**TASK BRIEF:**
When you transcribe the listing that follows, keep every line exact and skip any picture.

── GIVEN MATERIAL

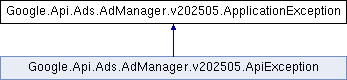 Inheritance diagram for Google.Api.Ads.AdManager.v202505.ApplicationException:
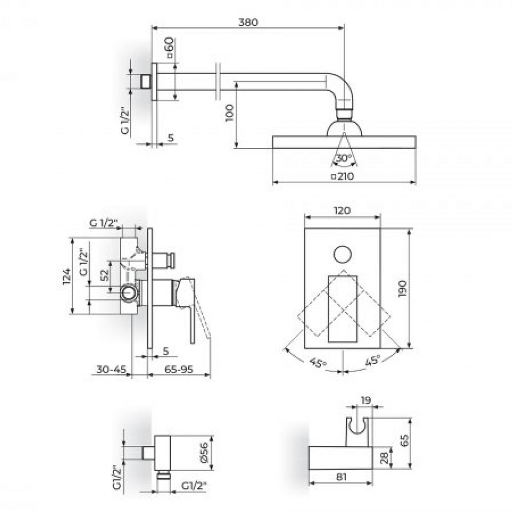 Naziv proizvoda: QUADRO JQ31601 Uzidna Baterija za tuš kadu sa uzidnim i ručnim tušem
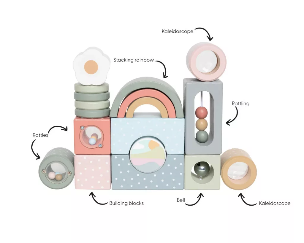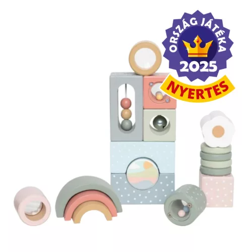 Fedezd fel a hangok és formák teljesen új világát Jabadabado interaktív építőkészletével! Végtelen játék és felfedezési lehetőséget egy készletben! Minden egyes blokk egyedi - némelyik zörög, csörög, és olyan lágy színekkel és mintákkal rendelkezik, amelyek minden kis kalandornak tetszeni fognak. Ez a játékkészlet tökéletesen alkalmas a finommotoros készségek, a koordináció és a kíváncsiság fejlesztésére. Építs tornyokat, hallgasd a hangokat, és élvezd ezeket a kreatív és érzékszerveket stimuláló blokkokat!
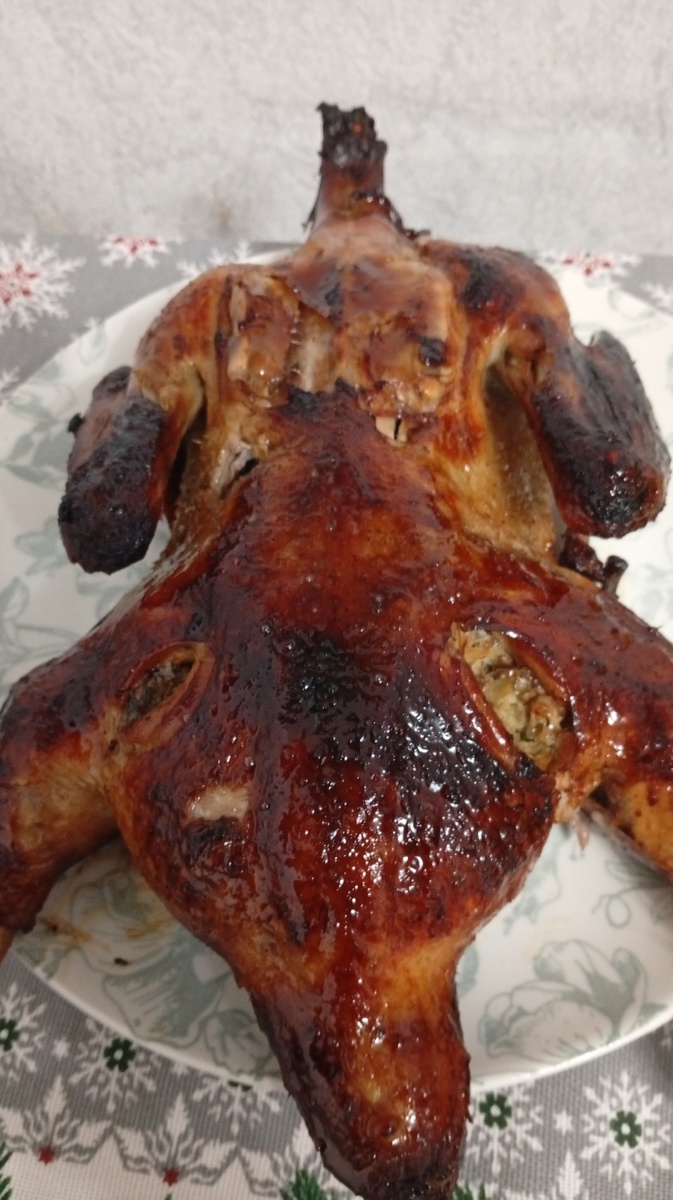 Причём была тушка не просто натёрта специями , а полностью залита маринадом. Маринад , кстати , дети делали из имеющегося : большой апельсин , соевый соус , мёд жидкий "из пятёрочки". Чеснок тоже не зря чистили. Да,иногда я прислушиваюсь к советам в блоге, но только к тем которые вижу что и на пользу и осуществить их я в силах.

────

**OUTPUT:**
 Inheritance diagram for Google.Api.Ads.AdManager.v202505.ApplicationException:
 Naziv proizvoda: QUADRO JQ31601 Uzidna Baterija za tuš kadu sa uzidnim i ručnim tušem
 Fedezd fel a hangok és formák teljesen új világát Jabadabado interaktív építőkészletével! Végtelen játék és felfedezési lehetőséget egy készletben! Minden egyes blokk egyedi - némelyik zörög, csörög, és olyan lágy színekkel és mintákkal rendelkezik, amelyek minden kis kalandornak tetszeni fognak. Ez a játékkészlet tökéletesen alkalmas a finommotoros készségek, a koordináció és a kíváncsiság fejlesztésére. Építs tornyokat, hallgasd a hangokat, és élvezd ezeket a kreatív és érzékszerveket stimuláló blokkokat!
 Причём была тушка не просто натёрта специями , а полностью залита маринадом. Маринад , кстати , дети делали из имеющегося : большой апельсин , соевый соус , мёд жидкий "из пятёрочки". Чеснок тоже не зря чистили. Да,иногда я прислушиваюсь к советам в блоге, но только к тем которые вижу что и на пользу и осуществить их я в силах.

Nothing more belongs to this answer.